- 166 Okunma
- 3 Yorum
- 3 Beğeni
Soru...
- Seyyah, acı geçer mi?
- Geçer...
- Ben geçmesini istemiyorum
- Ama her acı geçmek ister, biliyorum...
- Nereden biliyorsun?
- Çünkü onları duyuyorum...
- ???
- Acı konuşur mu?
- Susan acı yoktur...
- Benim acılarım konuşmuyor, sadece acıtıyor
- Sen susarsan, o konuşur... Bırak, diyeceğini desin, sonra gitsin...
- Gitmesinden korkuyorum, ya unutursam?
- Ya unutmaz ama nefret edersen?
- İnsan sevdiğinden nefret eder mi?
- İnsan en çok sevdiğinden nefret eder...
- ???
- Sen neden böylesin?
- Nasılım?
- Kıyamet kopsa umrunda değil gibi.. Senin başına gelen, başkasına olsa delirirdi mutlaka... Ama sen?
- Senin gibi değilim de ondan...
- Ya nasılsın?
- Acıyı değil, vereni sevmek mesele... Gideni değil, kalanı bulmak iş... Bir çocuğun attığı taş da yaralar insanı... Ama çocuğu sevmişsen, taşı da seversin, açtığı yarayı da... Aşkı mecazda arama... Bir bakış değildir sevmek, ötesinde olanı anla... Bu dünyada iyi yok, kötü de yok... Sadece soru var... Her cevap sensin...

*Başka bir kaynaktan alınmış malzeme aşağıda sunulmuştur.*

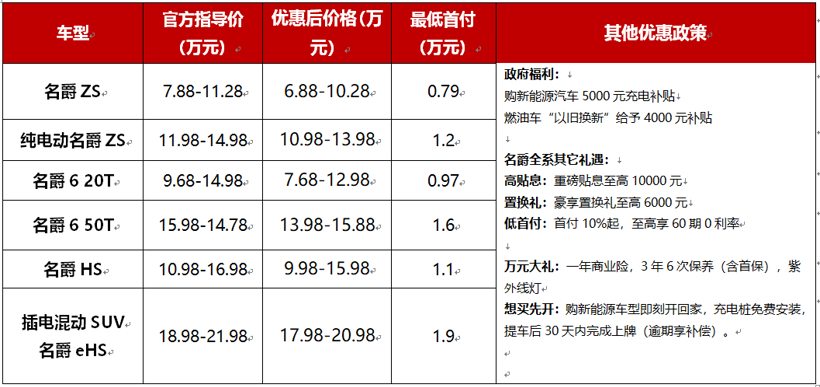 值此“双节合一”的有爱时刻,名爵以大手笔购车补贴感恩回馈广大消费者,送上超值大礼包。具体如下:1、万元大礼——在现有优惠政策基础上,额外再享价值至高10000元大礼包,包含商业险、多次免费保养等;2、想买先开——购新能源车型即刻开回家,充电桩免费安装,提车后30天内完成上牌(逾期享补偿)。为积极回馈消费者的热爱,名爵在此次购物节之前,已启动“33亿巨额红包”等一大波福利,涵盖全系车型,为车市持续注入爵佳活力。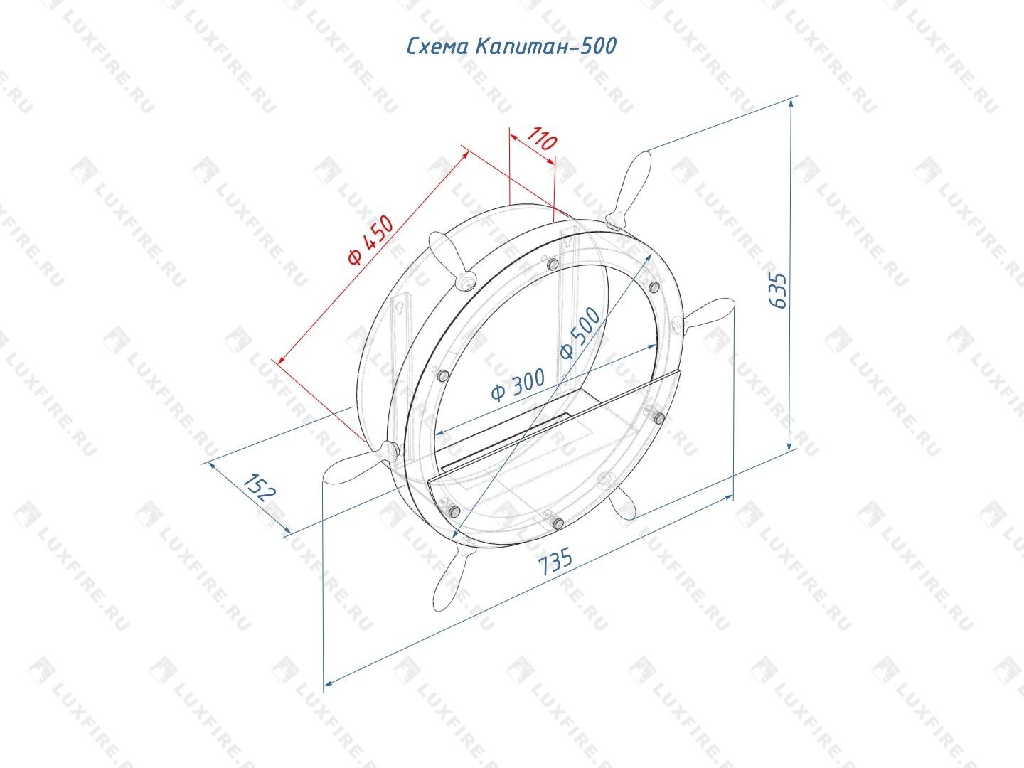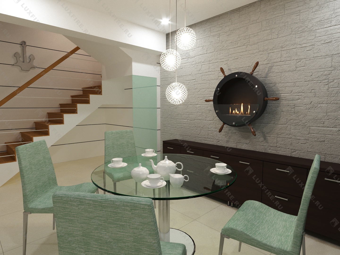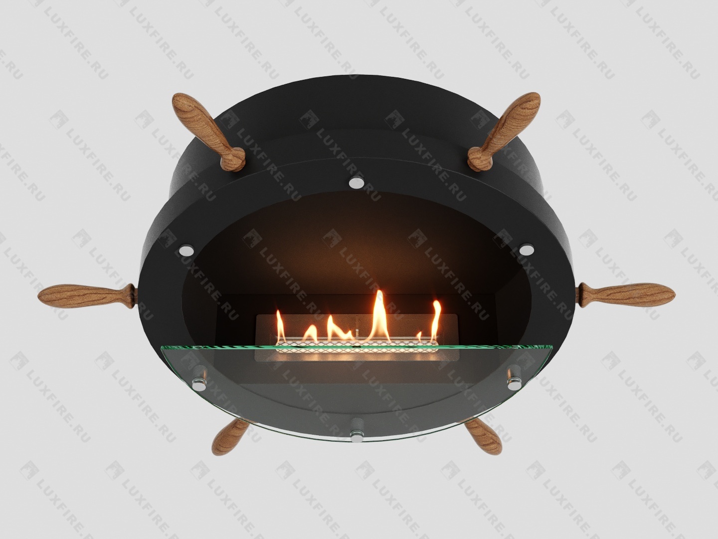 Представляет собой сборную металлическую конструкцию круглой формы класса XS в виде штурвала корабля , создающую полузакрытое безопасное пространство для огня с топливным блоком Lux Fire 250 XS ограниченную закаленным стеклом в котором горит живой огонь с углом обзора 180 градусов . Универсально подходит для встройки в нишу или подвеса на стену.Разработан для квартир, мы рекомендуем установку в комнаты с площадью от 14 м2.

- O zaman her acı da, başka bir soru...
- Ve sen, o hep aynı cevapsın...
- ????
(Seyyah)
YORUMLAR
Mürüvet-Leyla
https://www.youtube.com/watch?v=NEWaMX4C2dM
Susan acı yoktur.
...
Ne kadar düşündürdü bu cümle beni. Dinledim bi kendimi. Konuşan ben miydim? Yoksa acılarım mı? Yada hep birlikte mi susuyorduk. En önemlisi acaba gerçekten susmak istemiyor ama susturuluyor muyduk?
Babamın acısı düştü yüreğime. Galiba ben en çok bu acıya sustum..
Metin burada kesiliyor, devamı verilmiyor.